Wednesday's Review: The Old Witches Home by Avian Swansong
July 3, 2024
The summer festival is practically on top of the witches in Upstate New York and everything that could go wrong does. But this festival is not just a party. This is their major fundraising event and do they have expenses!! Repairs, lawyers, challenges to their ownership of the land. There is dissension among them. Beyond disagreeable, why are so many witches acting delusional? People in leadership and those who provide muscle are dropping like flies. And then it rains. Something is happening and it isn’t good.
If there was a refrain for this book it would be Birdie saying “I’ll take care of it.” Hey Birdie! You can’t do everything yourself. You aren’t 35 anymore. None of them are. But it is hard to let go so Maple and the others can do their jobs. What if they screw up?
Have you ever wondered what it will be like when you are old, maybe broke, likely hurting in your joints, maybe sick? As the Billy Joel songs asks, “Who’s gonna love you when your looks are gone?” Do you have a plan? Is living with your kids or brother a good idea? Can you create financial security against the inevitable? Will you be alone? What do you think about assisted living or senior citizen housing?
The old witches in this book didn’t like any of those options. Instead, they think they have a solution. They inherited some land, built a senior citizen’s commune of pagans, and committed to running it by the communal values of another age. Everybody works together for the common good and decisions are unanimous. Except there are two men from a norse pagan background that is sexist and likely racist. Consensus is hard to come by. It works out because magic works. Because there is love. Because Birdie just keeps insisting.

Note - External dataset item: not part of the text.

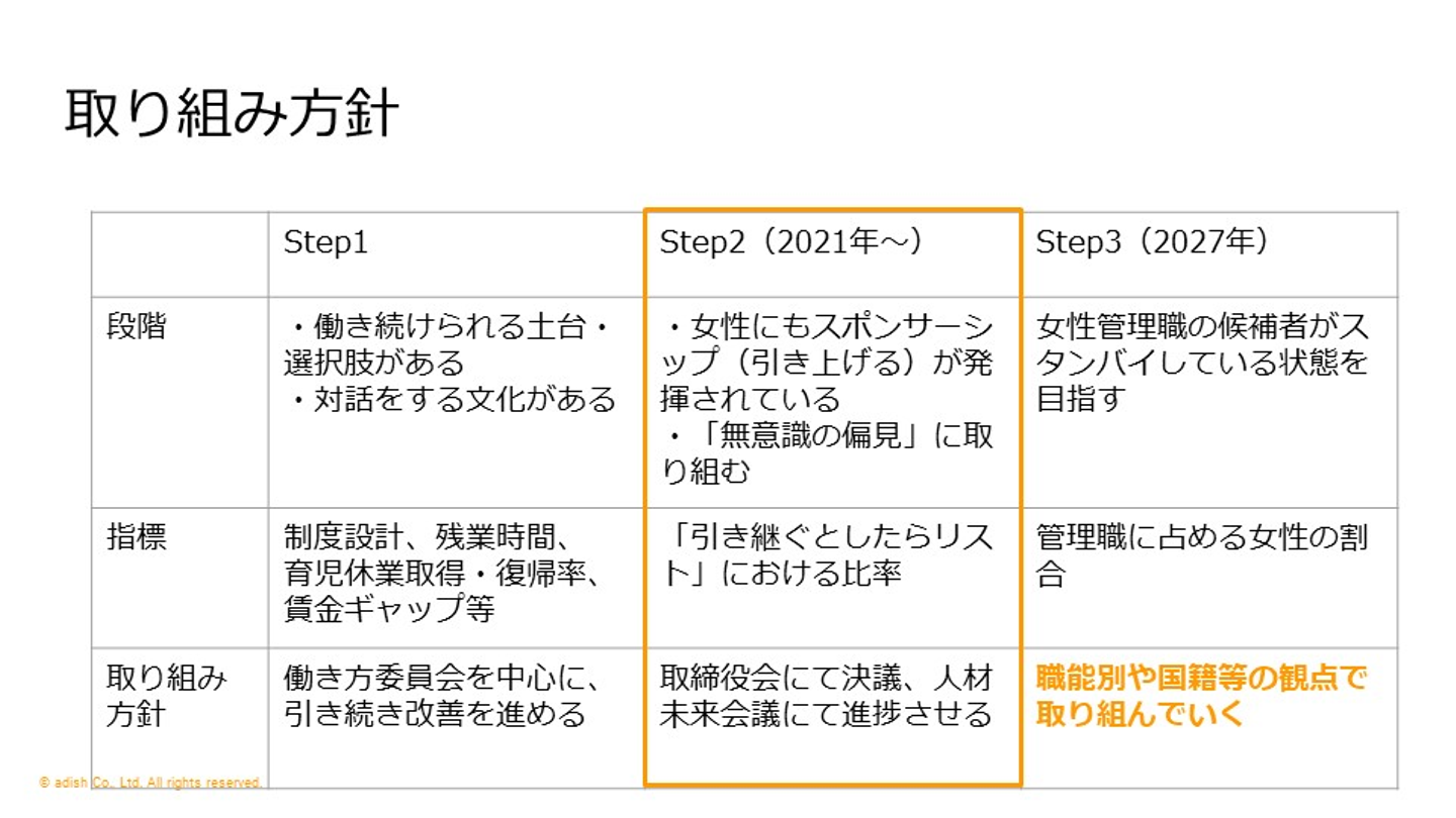 2027年以降のStep3では、女性管理職30%の比率が継続的に担保できるほどに候補者がスタンバイしている状態であり、ここでようやく「管理職に占める女性の割合」という指標が出てくるイメージをしています。その上で、男性の母集団が多い職能別での議論、あるいは国籍等の観点で取り組んでいくことが、アディッシュのグループ経営にとってありたい姿なのではないかと考えています。

Having been part of a large group that ran fundraisers like this, I can relate. We were much younger than these people and it still wore us out. We didn’t have all these complications, thank the Goddess. And we couldn’t hold it together. I loved this book. It was a walk down memory lane in many ways. Most algorithms might call it speculative fiction because of the magic. I’m going to laugh at that. The willing suspension of disbelief encourages the reader to agree with the doctor when he says about their magic “I don’t know. They certainly didn’t have a course on magic in med school.” You don’t need a college course. Magic is everywhere if you but look.
The Old Witches Home gives us all a thought or two about what to do instead of trusting to dumb luck. It also is a cautionary tale about the sort of people, both friends and enemies, who block our best ideas. We need to anticipate them. Keeping our wits about us is essential. Watching a bunch of old witches deal with them is fascinating. Highly recommended.